Ses baisers passionnés m’étourdissent. Il se retire, j’ouvre les yeux pendant qu’il fait mouliner sa main de haut en bas. Je me retourne pour me positionner à quatre pattes, offerte et trempée. Mes fesses abaissées à sa hauteur, il entre en moi à nouveau. Je le sens au cœur de mon corps. De plus en plus grisée, ma vue s’embue et mes bras ont du mal à me soutenir. Les palpitations internes, prélude à ma jouissance, commencent à monter et à se répandre au-delà de la zone de frottement.

Elle arrive, cette sensation de fièvre que je ne peux plus contrôler. Je titube et râle avec force, alors que mon corps vibre de manière saccadée pendant ces quelques secondes qui paraissent interminables.

“Je viens” me dit-il dans un demi-souffle. Son sexe se tend à l’extrême pour tout de suite se détendre entre mes parois qui se mouillent encore plus par son fluide tiède que je sens couler en moi et, ressortir petit à petit. Sa respiration est lourde et vient du plus profond de sa poitrine. Après avoir marqué une pause, son sexe finit par se détacher de moi, complètement trempé. Il se couche sur le dos, repu. Je m’allonge à ses côtés, nos deux cœurs battant la chamade.

Lui

J’ai joui. Cela faisait longtemps que je n’avais plus joui aussi intensément. Ma tête me fait légèrement mal. Est-ce que je suis amoureux ? Difficile à dire. Par contre, cette tension de ce voyage en famille à Florence rend particulièrement bienvenue cette rencontre fortuite. Ces années à répéter les mêmes visites dans cette ville, comme un rituel qui m’échappe encore. Celui de ma mère qui doit retrouver un espoir d’une autre vie ou des souvenirs, qui sait. Mes enfants qui s’alourdissent dans ce silence. Alors que la Toscane et ses saveurs sont indubitables. Le flot de touristes peu inspirés et la répétition auront du mal à balayer cette magie.

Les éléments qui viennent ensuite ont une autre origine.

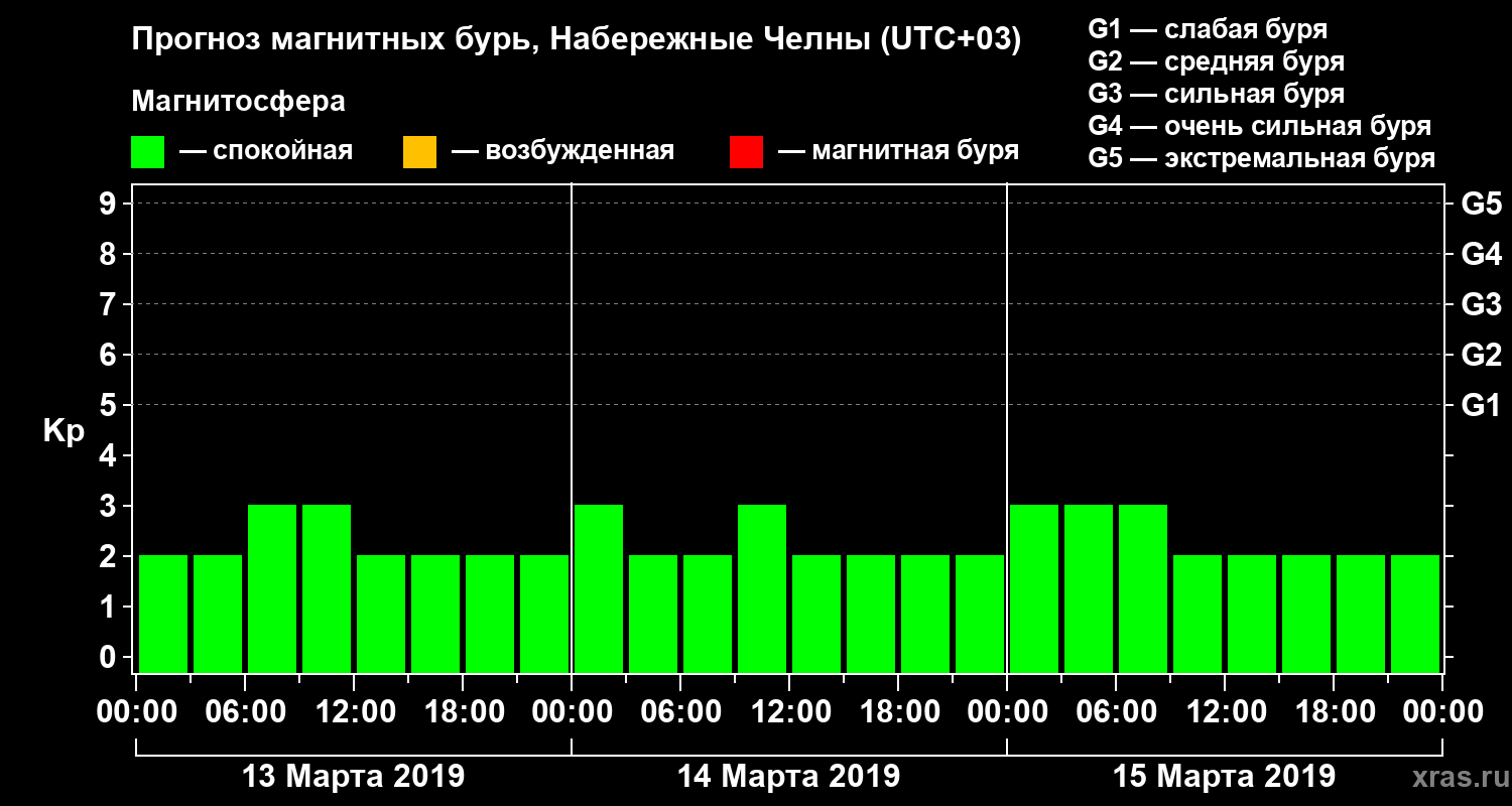 Прогноз магнитных бурь Набережных Челнах на 13 марта 2019 года

Complètement détendu, je me surprends à apprécier ce moment suspendu avec son corps allongé à côté du mien en ce début de journée qui sera probablement chaude. Nos cœurs se sont alignés sur le mouvement cristallin des feuillages d’arbres que je vois briller par la fenêtre.

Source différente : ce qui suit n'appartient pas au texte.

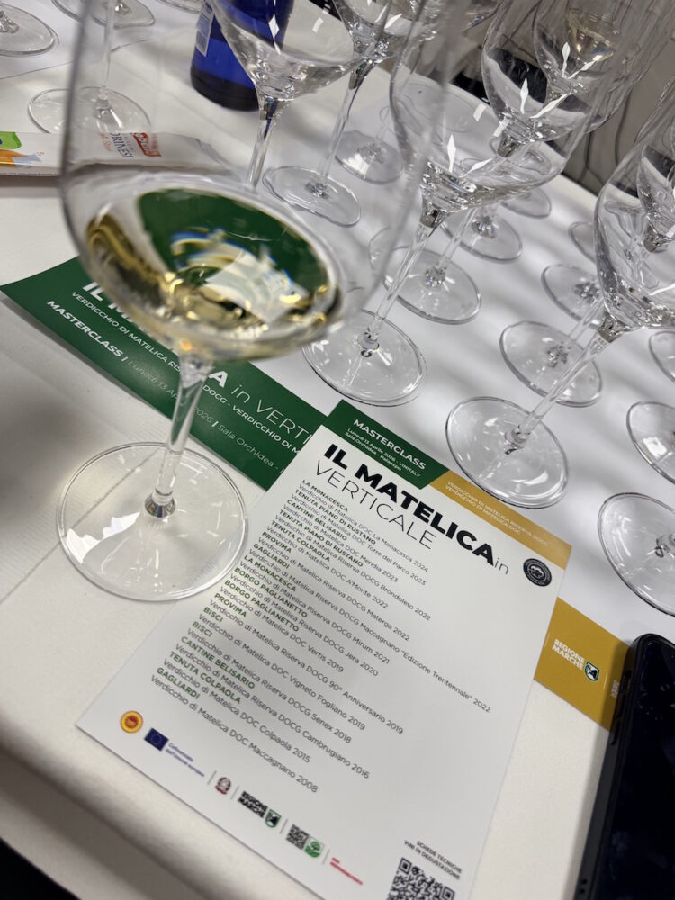 Una degustazione di sedici vini, dall’annata 2024 arrivando a ritroso fino alla 2008, attraverso le interpretazioni di otto aziende (Bisci, Borgo Paglianetto, Cantine Belisario, Gagliardi, La Monacesca, Provima, Tenuta Colpaola, Tenuta Piano di Rustano). Un percorso costruito per mettere a fuoco una traiettoria, quella di un vino che cambia senza mai perdere il proprio asse.

Florence ne sera plus jamais la même. Qu’importe si j’y retourne l’année prochaine, comme tous les ans, ce moment fait partie de l’histoire que je déroulerai dans cette pensione sans cachet et les Palazzi florentins. Quelque part, à chaque fois, je m’attendrai à revivre cette rencontre avec cette écrivaine mélancolique dont j’avais bien perçu le tempérament passionné. Nous nous reverrons nous ? Prolongerons-nous ce lien entre nous ? Je ne sais pas encore.

Elle

Avec lui à mes côtés, la vie est ce qui prime. La mort de mon ami s’est imprégnée dans mon âme et a trouvé sa place dans mes souvenirs. Je sens mon corps, dans toutes ses parties qui ne sont pas toujours sollicitées dans la vie quotidienne. Je me sens réelle. La sensation de perte d’une partie de moi s’est estompée pour laisser la place à un élan et une capacité renouvelée de prendre part à la vie des autres.

Le frôlement de la brise du matin sur mon corps adoucit le fond de l’air comme si la vie, même si celle-ci mène irrémédiablement à la mort, et par conséquent deuil et tristesse, est d’abord attachement, affection et rencontres. Sans eux, la mort ne serait pas un choc. C’est pour eux que nous vivons et pas juste notre monde et nos sensations qui se termineront avec nous. Par nature éphémères, ce que nous laisserons reposera par contre toujours vivant dans les autres.

Cette fois-ci, Florence a changé. Au-delà de son histoire, la mienne habite dorénavant aussi les entrailles de cette ville. Et chaque fois que j’irai dans ce haut lieu, j’attendrai que cela se passe : “Ti sto aspettando in Toscana"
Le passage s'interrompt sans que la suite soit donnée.